# WHAT NEEDS TO BE DONE
From the data below, retype exactly the lines starting with the one that contains "右侧区域则为田地区域,需要养分,手动播种,且日常浇水,对应种子可种植出对应作物" and ending with the one that contains "The paper presents", both included.

# MATERIAL PROVIDED
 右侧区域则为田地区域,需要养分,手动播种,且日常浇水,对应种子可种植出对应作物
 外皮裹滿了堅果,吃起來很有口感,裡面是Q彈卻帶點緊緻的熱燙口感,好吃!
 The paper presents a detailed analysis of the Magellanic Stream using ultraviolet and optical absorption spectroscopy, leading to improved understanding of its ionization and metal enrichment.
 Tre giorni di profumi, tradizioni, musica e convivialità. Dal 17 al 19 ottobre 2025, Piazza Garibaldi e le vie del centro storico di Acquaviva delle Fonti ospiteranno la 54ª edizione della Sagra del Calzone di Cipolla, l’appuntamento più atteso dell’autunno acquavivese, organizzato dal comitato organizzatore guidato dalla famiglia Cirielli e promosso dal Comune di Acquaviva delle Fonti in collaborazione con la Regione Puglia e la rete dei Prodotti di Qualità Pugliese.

---

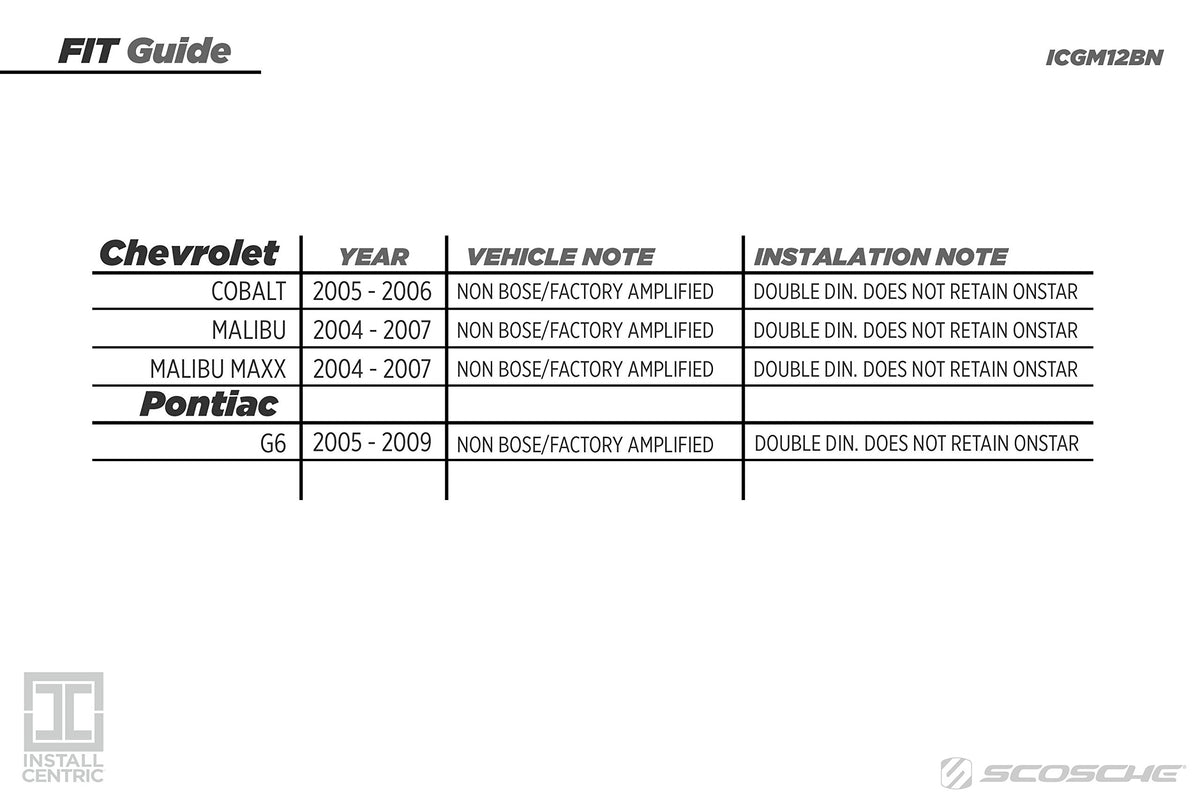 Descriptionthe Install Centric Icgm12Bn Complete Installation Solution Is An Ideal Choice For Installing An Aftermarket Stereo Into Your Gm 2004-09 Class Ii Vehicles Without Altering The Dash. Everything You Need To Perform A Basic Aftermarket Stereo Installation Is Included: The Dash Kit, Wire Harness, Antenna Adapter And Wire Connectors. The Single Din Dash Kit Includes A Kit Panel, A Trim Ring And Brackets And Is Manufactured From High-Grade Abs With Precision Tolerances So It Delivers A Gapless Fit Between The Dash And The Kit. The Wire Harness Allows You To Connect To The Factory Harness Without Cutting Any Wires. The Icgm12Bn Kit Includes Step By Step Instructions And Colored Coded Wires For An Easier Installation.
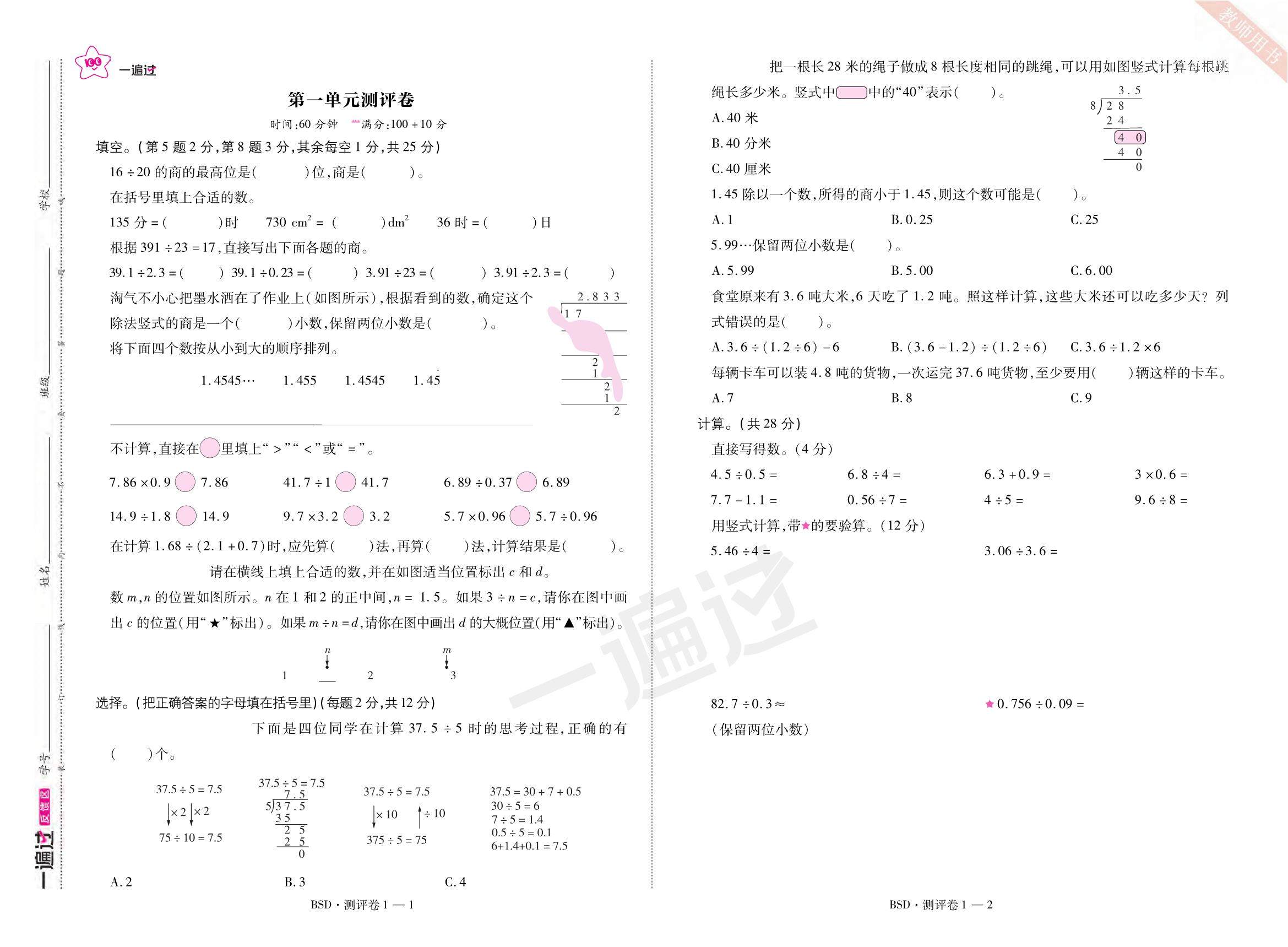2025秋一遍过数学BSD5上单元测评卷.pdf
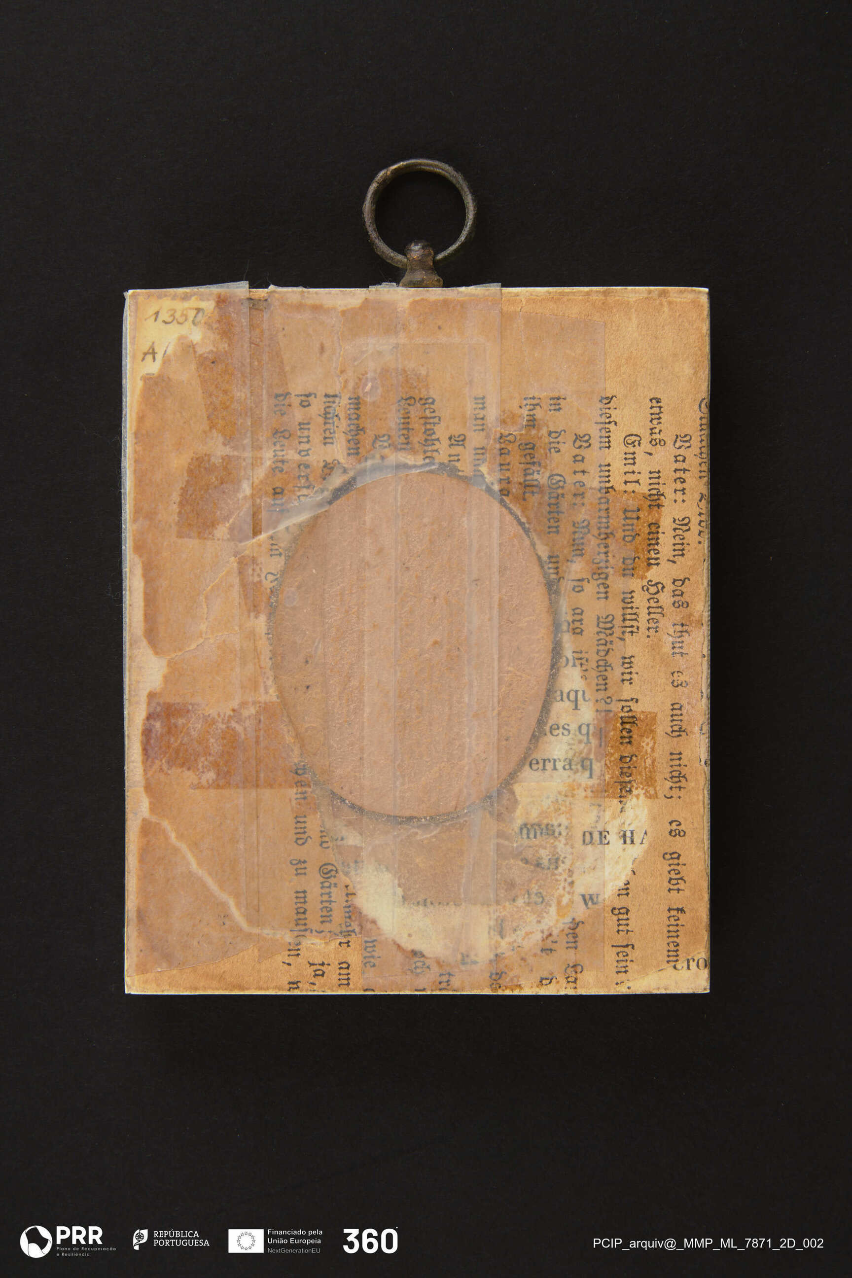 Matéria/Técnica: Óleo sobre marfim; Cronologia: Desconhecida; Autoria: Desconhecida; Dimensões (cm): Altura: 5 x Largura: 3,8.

---

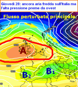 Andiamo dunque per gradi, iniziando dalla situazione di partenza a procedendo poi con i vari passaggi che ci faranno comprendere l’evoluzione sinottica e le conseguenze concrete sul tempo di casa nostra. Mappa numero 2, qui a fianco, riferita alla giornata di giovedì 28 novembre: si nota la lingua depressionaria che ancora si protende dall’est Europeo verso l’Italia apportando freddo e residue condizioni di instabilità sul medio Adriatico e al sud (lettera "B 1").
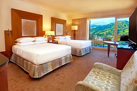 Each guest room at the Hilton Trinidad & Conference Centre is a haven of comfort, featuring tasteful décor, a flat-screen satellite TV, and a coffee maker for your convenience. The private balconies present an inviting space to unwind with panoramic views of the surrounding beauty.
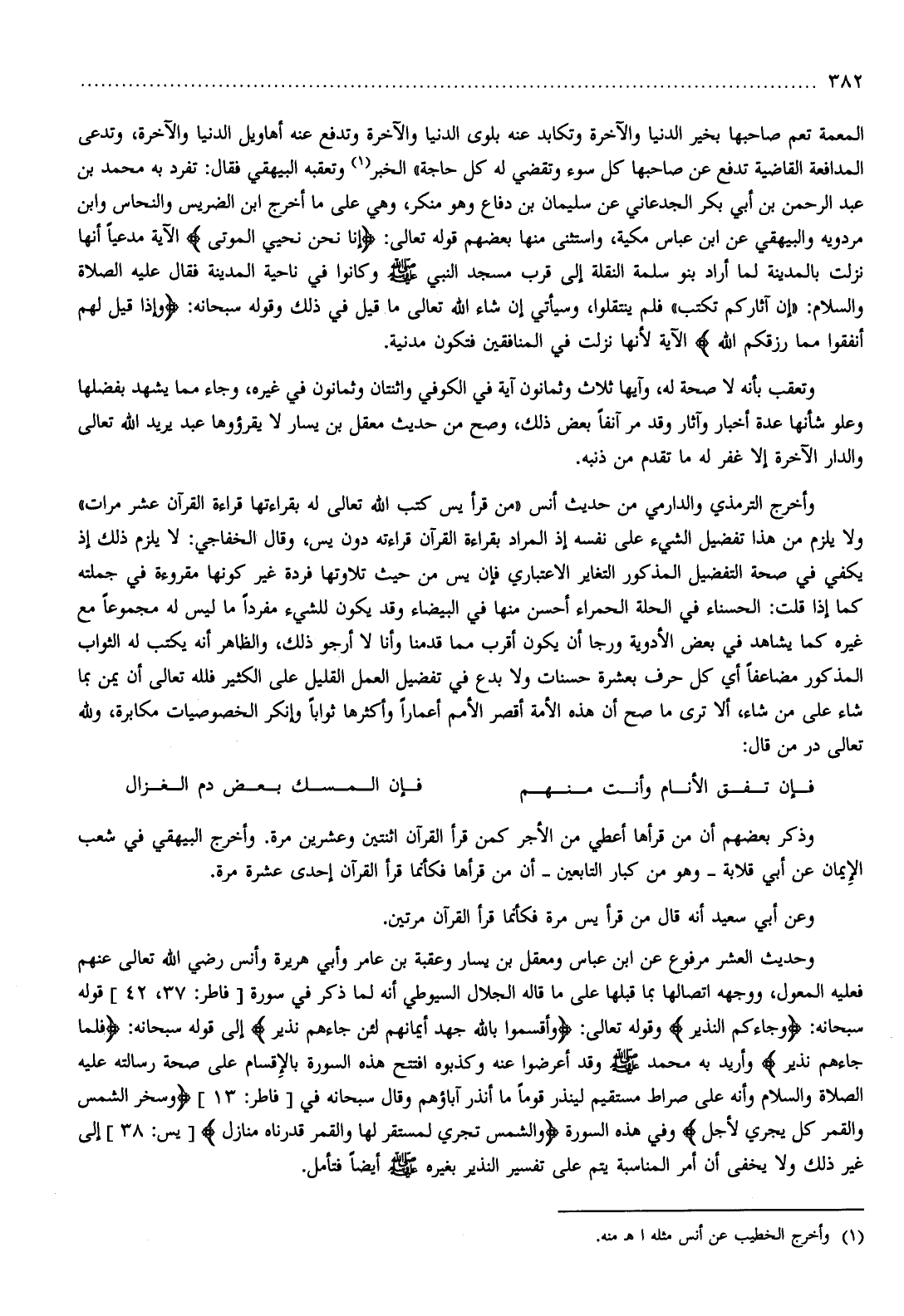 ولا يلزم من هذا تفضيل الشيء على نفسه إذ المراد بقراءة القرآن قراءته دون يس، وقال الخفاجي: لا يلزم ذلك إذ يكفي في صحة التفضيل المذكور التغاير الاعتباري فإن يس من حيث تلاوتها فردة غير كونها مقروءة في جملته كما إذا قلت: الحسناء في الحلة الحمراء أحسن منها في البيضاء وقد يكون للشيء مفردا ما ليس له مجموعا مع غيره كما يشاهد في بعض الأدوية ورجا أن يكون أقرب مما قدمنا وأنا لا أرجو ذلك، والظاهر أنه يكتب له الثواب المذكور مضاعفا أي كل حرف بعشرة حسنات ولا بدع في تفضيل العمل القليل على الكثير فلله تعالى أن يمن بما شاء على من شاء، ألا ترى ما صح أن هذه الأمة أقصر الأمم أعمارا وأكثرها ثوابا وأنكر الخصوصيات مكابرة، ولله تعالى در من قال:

# ANSWER
 右侧区域则为田地区域,需要养分,手动播种,且日常浇水,对应种子可种植出对应作物
 外皮裹滿了堅果,吃起來很有口感,裡面是Q彈卻帶點緊緻的熱燙口感,好吃!
 The paper presents a detailed analysis of the Magellanic Stream using ultraviolet and optical absorption spectroscopy, leading to improved understanding of its ionization and metal enrichment.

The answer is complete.